Add support for SAP protocol features:
* connect and disconnect requests
* connect and disconnect responses
* disconnect indication
* timeouts for the valid connection
---
sap/sap.h | 2 +-
sap/server.c | 433 ++++++++++++++++++++++++++++++++++++++++++++++++++++++++--
2 files changed, 424 insertions(+), 11 deletions(-)

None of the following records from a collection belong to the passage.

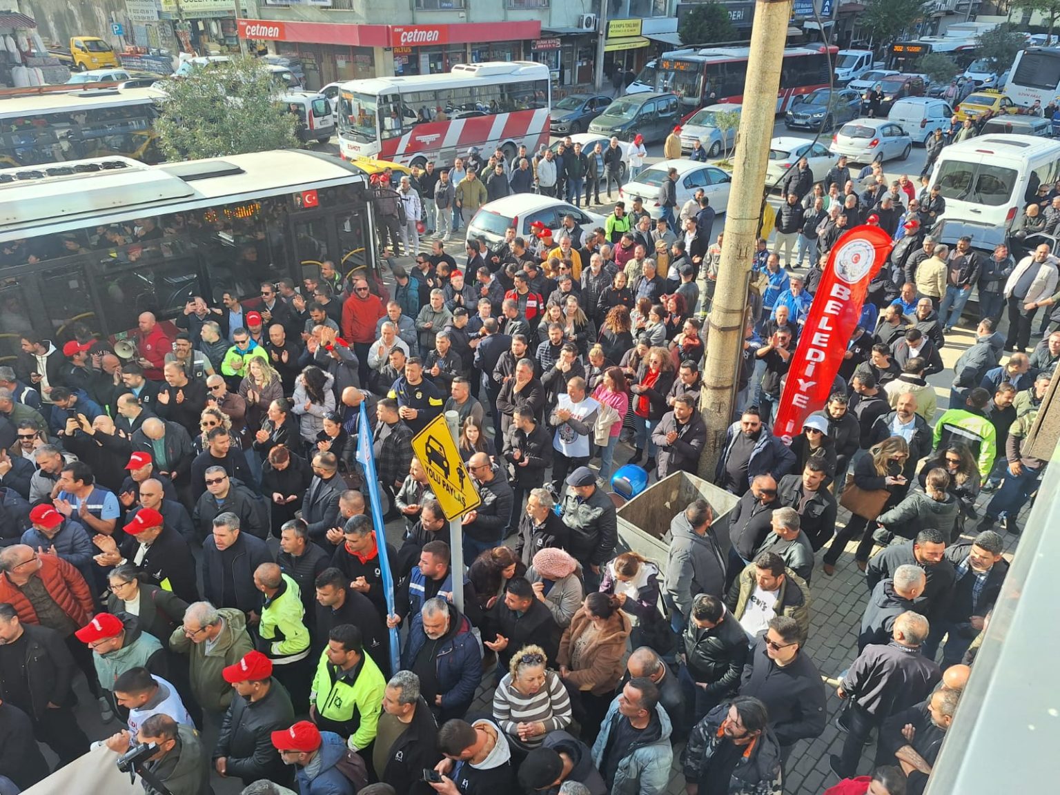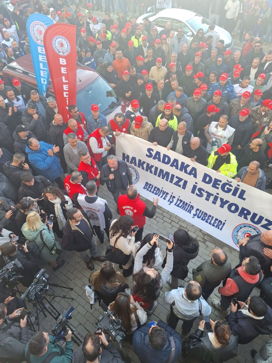 İzmir Büyükşehir Belediyesi’ne bağlı şirketlerde yaşanan ödeme krizi büyüyor. Belediye-İş’e bağlı üç şube, İzmir Şubeleri Hizmet Binası önünde düzenlenen açıklamayla maaşların eksik yatırılmasına tepki gösterdi. Eylemde “Direne direne kazanacağız” ve “Bu daha başlangıç, mücadeleye devam” sloganları atıldı.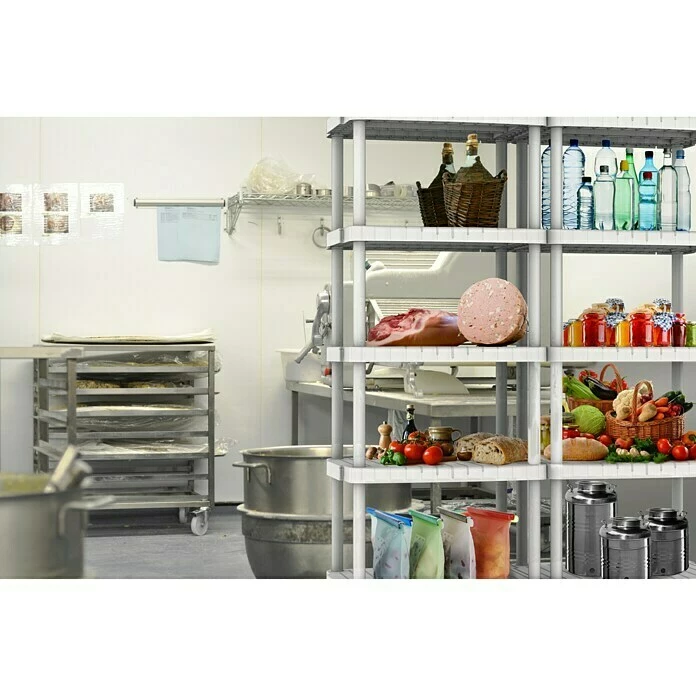 Das Kunststoffregal von Terry eignet sich besonders zur Lagerung und Aufbewahrung von Vorräten in der Küche oder Vorratskammern. Die fünf Regalböden bieten großzügigen Stauraum für die verschiedensten Utensilien. Da das Regal aus Kunststoff gefertigt ist, ist es besonders leicht und kann einfach gereinigt werden.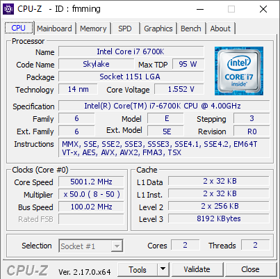 Intel Core i7 6700K @ 5002 MHz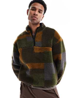 ASOS DESIGN – Boxy-Fit-Sweatshirt in Khaki aus Teddystoff mit kurzem Reißverschluss und abstraktem Print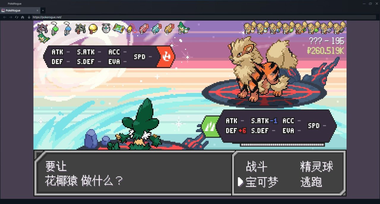 在他輪換黑魯加上來的時候鐵壁強化一次,四倍弱火當然不能跟他硬剛。接棒給花椰猿,mega黑魯加的熱風又給我們焦香之軀加了2級防禦。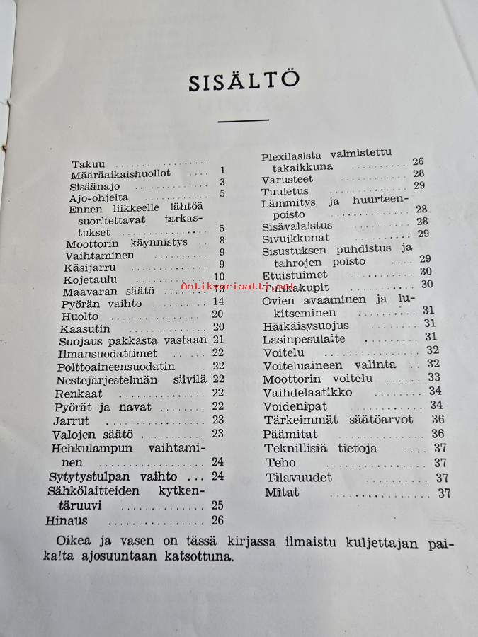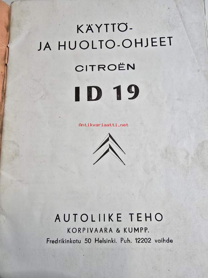 Citroen ID 19 käyttö- ja huolto-ohjeet 1959

diff --git a/sap/sap.h b/sap/sap.h
index bd0f06d..24240ca 100644
--- a/sap/sap.h
+++ b/sap/sap.h
@@ -143,7 +143,7 @@ enum sap_param_id {
#define SAP_PARAM_ID_DISCONNECT_IND_LEN 0x01
#define SAP_PARAM_ID_CARD_READER_STATUS_LEN 0x01
#define SAP_PARAM_ID_STATUS_CHANGE_LEN 0x01
-#define SAP_PARAM_ID_TRANSPORT_PROTOCOL_LEN 0x01
+#define SAP_PARAM_ID_TRANSPORT_PROTO_LEN 0x01
/* Transport Protocol - SAP v1.1 section 5.2.9 */
enum sap_transport_protocol {
diff --git a/sap/server.c b/sap/server.c
index 1c62a3e..8337fe1 100644
--- a/sap/server.c
+++ b/sap/server.c
@@ -50,14 +50,28 @@
#define SAP_SERVER_CHANNEL 8
#define SAP_BUF_SIZE 512
+#define PADDING4(x) (4 - (x & 0x03))
+#define PARAMETER_SIZE(x) (sizeof(struct sap_parameter) + x + PADDING4(x))
+
+#define SAP_NO_REQ 0xFF
+
+#define SAP_TIMER_GRACEFUL_DISCONNECT 30
+#define SAP_TIMER_NO_ACTIVITY 30
+
enum {
SAP_STATE_DISCONNECTED,
+ SAP_STATE_CONNECT_IN_PROGRESS,
SAP_STATE_CONNECTED,
+ SAP_STATE_GRACEFUL_DISCONNECT,
+ SAP_STATE_IMMEDIATE_DISCONNECT,
+ SAP_STATE_CLIENT_DISCONNECT
};
struct sap_connection {
GIOChannel *io;
uint32_t state;
+ uint8_t processing_req;
+ guint timer_id;
};
struct sap_server {
@@ -71,6 +85,72 @@ struct sap_server {
static DBusConnection *connection;
static struct sap_server *server;
+static void start_guard_timer(struct sap_connection *conn, guint interval);
+static void stop_guard_timer(struct sap_connection *conn);
+static gboolean guard_timeout(gpointer data);
+
+static int check_msg(struct sap_message *msg)
+{
+ if (!msg)
+ return -EINVAL;
+
+ switch (msg->id) {
+ case SAP_CONNECT_REQ:
+ if (msg->nparam != 0x01)
+ return -EBADMSG;
+
+ if (msg->param->id != SAP_PARAM_ID_MAX_MSG_SIZE)
+ return -EBADMSG;
+
+ if (ntohs(msg->param->len) != SAP_PARAM_ID_MAX_MSG_SIZE_LEN)
+ return -EBADMSG;
+
+ break;
+
+ case SAP_TRANSFER_APDU_REQ:
+ if (msg->nparam != 0x01)
+ return -EBADMSG;
+
+ if (msg->param->id != SAP_PARAM_ID_COMMAND_APDU)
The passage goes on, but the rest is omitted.